I have been looking for quite some time to be able to match some class names starting with a specified pattern in an HTML String. Here is the regex I finally came up with:
/(?<=(<[^>]*class=("|')(\w|\ |\-)*))((?<= |\'|\")(foo-|-foo)[^ "']*)/gmi
The sample I have been working with is:
<body>
<div style="margin-left:6px;" class="foo-pink blfoo-pin-foo-kue red yellow bar-green -moz-FF foo-pink moz-FF foo-pink" >
<fieldset class="foo customClass foo clFieldsBar bar-try" id="idField foo- bar-dfgdgdfg">
<legend><span>Qu'en pensez-vous ?</span></legend>
< id="idText" class='foo- Comment_text fdgdgdfg -foo-ddede mso-whitespace' name="nameText barName"></textarea> bar-deded foo-green
</fieldset>
class="blue dffsf sdf mso-green foo"
</div>
You can see the following RegEx doing what I actually want here: https://regex101.com/r/6W5AUT/4
The problem is that I need the regex to be executed in a Delphi code. However, when I do so, i get the following error:
lookbehind assertion is not fixed length
Which, after some quick research (of the reason behind the error), lead me to discover that I cannot use a negative lookbehind with a variable length.

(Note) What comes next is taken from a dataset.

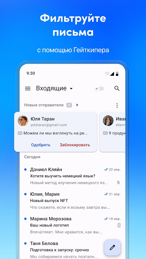 Проверяйте новых отправителей и решайте, могут ли они отправлять вам сообщения. Легко блокируйте нежелательных отправителей.

I have been trying to transform my RegEx using different methods (\K to reset the match for example), and this is what I came up with so far:
/(<[^>]*class=("|'))(\b(foo)(\w|\-)*)*/gmi
You can see it working here: https://regex101.com/r/zeQDrK/2
As you can see, it is only matching the first class name of each class attribute in a tag.
Now to be precise about what I need:
- Match all occurences of a class name that start with a pattern (it can be "foo", "-foo" or a combination of both),
- It needs to match only the class names that are in an html tag (this is why you can see the class="blue dffsf sdf mso-green foo" outside of an HTML tag),
- It needs to support both class="ClassName1 ClassName2" or class='ClassName1 ClassName2'
I would appreciate any help to solve this problem. Thanks for your time.